Throwing a Softball at Search and Rescue
The prospect of child lost in a remote open area is a nightmare scenario for mothers and fathers everywhere. And, we know from countless news reports, TV dramas and the that the odds of finding that missing child alive decrease rapidly over the first 48 hours. Anything that can improve those odds has value. Imagine if a rescuer could see a high fidelity, high resolution three dimensional “fly over” view of the search area within the first 24 hours of the child’s disappearance. Such a view might enable to rescuer to spot the child or at least narrow the search area to highest probability zones.
Video 1: Mega-NeRF Fly Over
PhD student Haithem Turki of the 一本道无码 Living Edge Lab has taken this scenario as the motivation for his research work on or “NeRFs”, first developed at UC Berkeley in 2020. NeRFs are the newest technique for 3D scene capture and rendering. They use a type of neural network known as a multilayer perceptron (MLP) to represent the scene as a function. NeRFs originally employed a single MLP but, more recently, scaling to large scenes has led to the use of multiple – requiring a more complex training process. Once a NeRF has been trained from the input data, it embodies the 3D information contained in the scene. The rendering stage extracts the NeRF information and displays it to the user from a specific viewpoint.
Figure 2 NeRF-based Visualization
NeRFs join other 3D visualization techniques like voxel-based point clouds and traditional graphics meshes and textures. When reproducing real scenes (rather than creating synthetic ones), these techniques typically have three stages: capturing real scene image or video data, creating a 3D model from that data, and rendering that model from different viewpoints for a human viewer. Because of the complexity of each of these stages, uses have been mostly restricted to reproducing single objects (e.g., ) or constrained scenes (e.g., ). And, because of the computational load and, the model creation and rendering stages generally been done offline and/or in low fidelity.
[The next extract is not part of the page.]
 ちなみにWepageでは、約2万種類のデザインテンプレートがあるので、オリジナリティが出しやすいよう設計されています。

Haithem’s work, , to be published in an upcoming paper with co-authors Deva Ramanan and Mahadev Satyanarayanan, takes the first steps in scaling NeRFs to large, open areas and speeding model creation and rendering times to those required for the search and rescue use case I described above. The paper describes the use of small, lightweight drones to capture image data of a large outdoor scene, , a reclaimed industrial brownfield site in Pittsburgh, efficient training of a NeRF-based model to represent the scene, and an optimized ray tracing rendering technique using the NeRF model. The paper compares our approach with previous NeRF and other 3D scene visualization approaches for both visual quality and training and rendering speeds on our drone-captured dataset and two other public datasets, and . Mega-NeRF achieves best or near best visual quality in one third the training time compared to the closest alternative (NeRF++). See the CVPR paper for more details.
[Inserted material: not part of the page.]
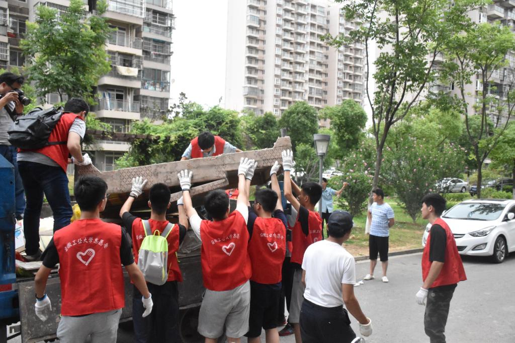 再多的杂草也消灭不了队员们志愿服务的热情,经过短暂的休息后,实践队又来到了小区楼下,帮助居民清理楼道中的杂物并放到垃圾车中。当有大爷问到在做什么的时候,周书记亲切地回答道:“这是安工大的学生来帮助我们清理出楼道中堆积的杂物,你们自己拿不动,不方便拿,他们来帮忙,让楼道更整洁,这样你们住的不就更舒服了。”大爷笑着说:“好事,好事。”居民的满意,是对实践队队员们辛勤工作最大的肯定。

Figure 3 Mega-NeRF Visual Quality Comparison
While this work is still in early stages – it still has a way to go to meet the needs of search and rescue – it is one of the first to address scaling and time bounding 3D scene capture and rendering of a large, open scene. It also offers some very innovative and valuable approaches to optimizing NeRFs for scale and points a path toward a full solution.
If you’re attending CVPR ’22, check out Haithem’s talk. For more information, see the . The paper and the Mega-NeRF dataset are available on the project page. Mega-NeRF code is available on our .
REFERENCES:
Turki, Haithem, Deva Ramanan, and Mahadev Satyanarayanan. "Mega-NeRF: Scalable Construction of Large-Scale NeRFs for Virtual Fly-Throughs." To Be Published CVPR 2022, June 2022.